What you have to do: Your answer must be an exact copy of the lines below, from the first through the one with "Naklejka premium Blue", with no pictures.

The data:
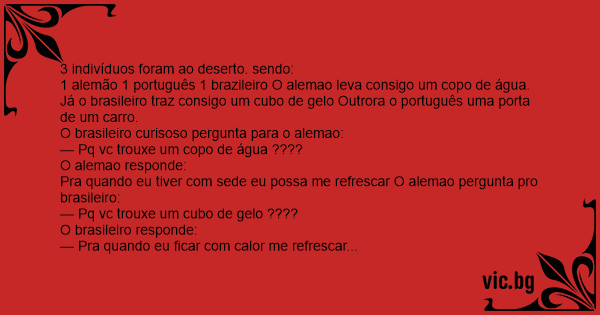 — Pra quando eu ficar com calor me refrescar Ai o alemao e o brasileiro perguntaram pro português:
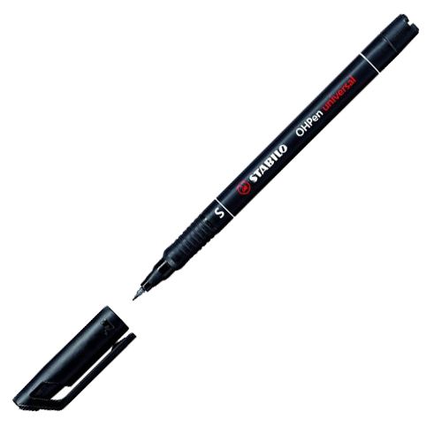 Permanentné popisovače na popisovanie takmer všetkých hladkých povrchov. Nekĺzavá úchytová zóna, praktický klip, bez vrchnáka vydrží až 3 dni. Väčšie balenie 10 ks v jednej farbe. STABILO® OHPen universal Superfine (S) Hrot okrúhly, šírka stopy 0,4 mm. Farba čierna.
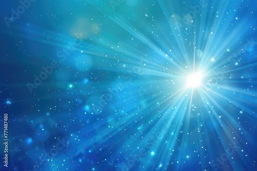 Naklejka premium Blue Star Burst: Abstract Shining Sky Background with Bright Rays of Blue Light
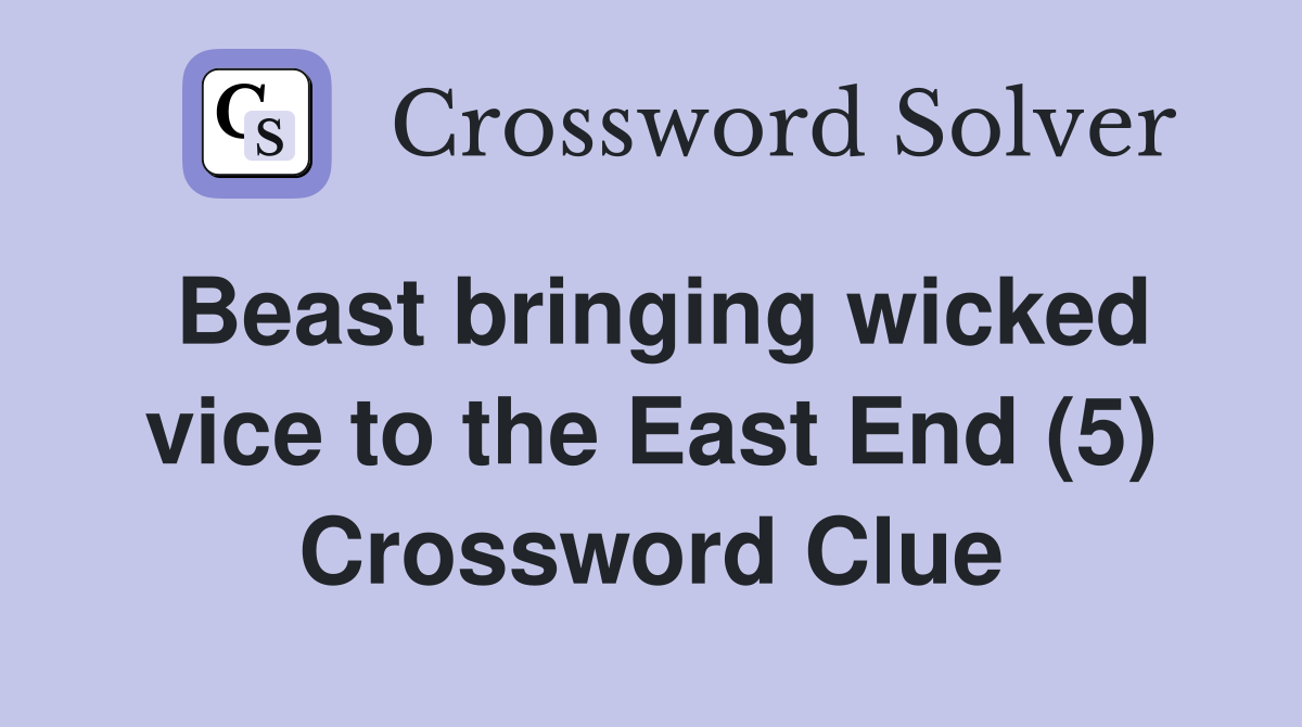 Beast bringing wicked vice to the East End (5) Crossword Clue Answers

Task result:
 — Pra quando eu ficar com calor me refrescar Ai o alemao e o brasileiro perguntaram pro português:
 Permanentné popisovače na popisovanie takmer všetkých hladkých povrchov. Nekĺzavá úchytová zóna, praktický klip, bez vrchnáka vydrží až 3 dni. Väčšie balenie 10 ks v jednej farbe. STABILO® OHPen universal Superfine (S) Hrot okrúhly, šírka stopy 0,4 mm. Farba čierna.
 Naklejka premium Blue Star Burst: Abstract Shining Sky Background with Bright Rays of Blue Light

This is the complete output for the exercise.